The switch to Google Enterprise
Last week, during our break, we switched from a hosted Exchange service to Google Enterprise. The main driver to change was lack of space - some of us have emails going back 7 years and have accrued many gigabytes of data. Adding more available space was getting too costly.
In passed years we've discounted Google Enterprise due to lack of coherent syncing: Email, Calendars and Contacts. Now, however, they seemed to have the process down, including (!) a migration strategy.
I'm a few days in, and I love Google Enterprise. Here's why:
- 25gb of emails per person!
- I can ditch AIM and be 100% gChat (No, awkward high school acquaintance, I am not available to talk)
- I can use coworkers' work email for Google Docs, instead of their personal gmail
- Calendars for everyone! We previously mixed users between Exchange and POP accounts.
- As you might expect, gmail's Search is amazing
- Labels and filters are easy and powerful
- Google rolls out new features regularly. Exchange remains relatively stagnant.
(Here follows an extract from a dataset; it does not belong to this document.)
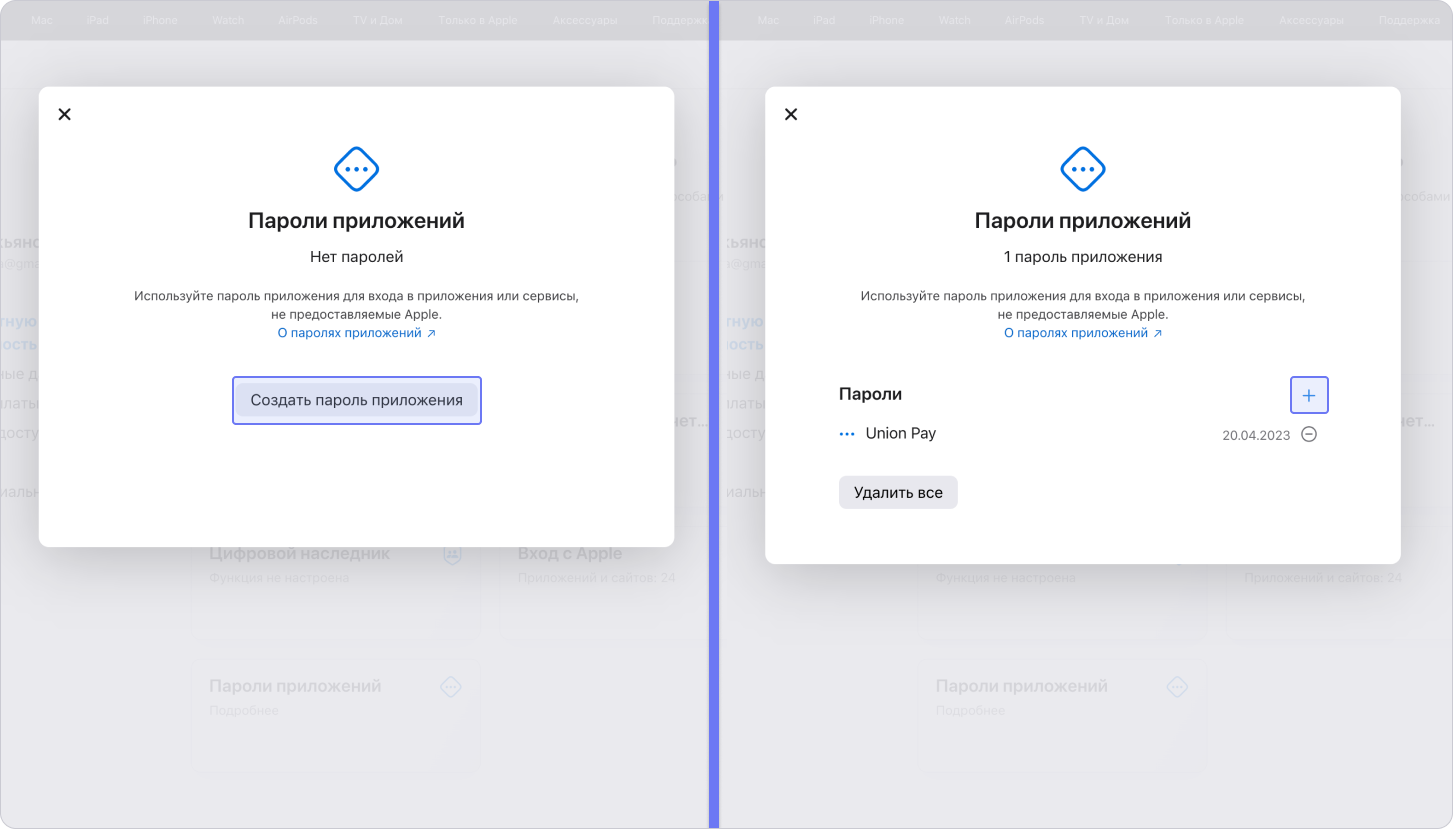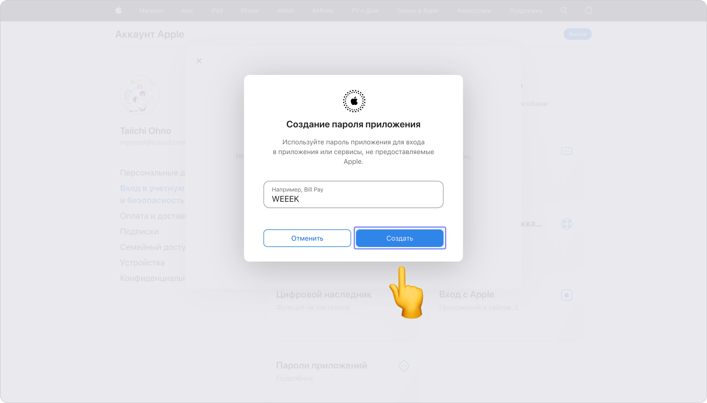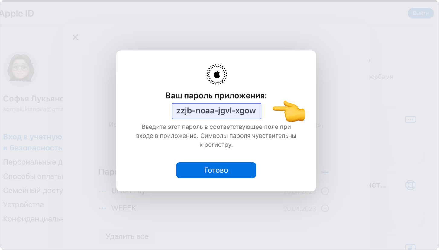 Добавьте новый пароль: нажмите Создать пароль приложения или на +, если у вас уже есть другие пароли.

- I can work completely in my browser. For a MacBook Air, avoiding mail, calendar and contact apps helps save battery and memory.
What I wasn't a fan of:
- Migration. Granted, this is a tough engineering challenge, but this required some finessing, multiple attempts and constant attention. Luckily, the provided migration tool (Which needs to run on Windows :/ ) picks up where it leaves off. Beware: You may need to manually migrate your calendar items and contacts.
- iOS: To get smooth syncing (email, calendar, contacts) you need to setup an Exchange account for Mail and Calendars, and should setup a CardDav account for contacts. I personally use the gmail app, so I end up with: gMail app, Gmail mail account for calendars, and CardDav account for calendars.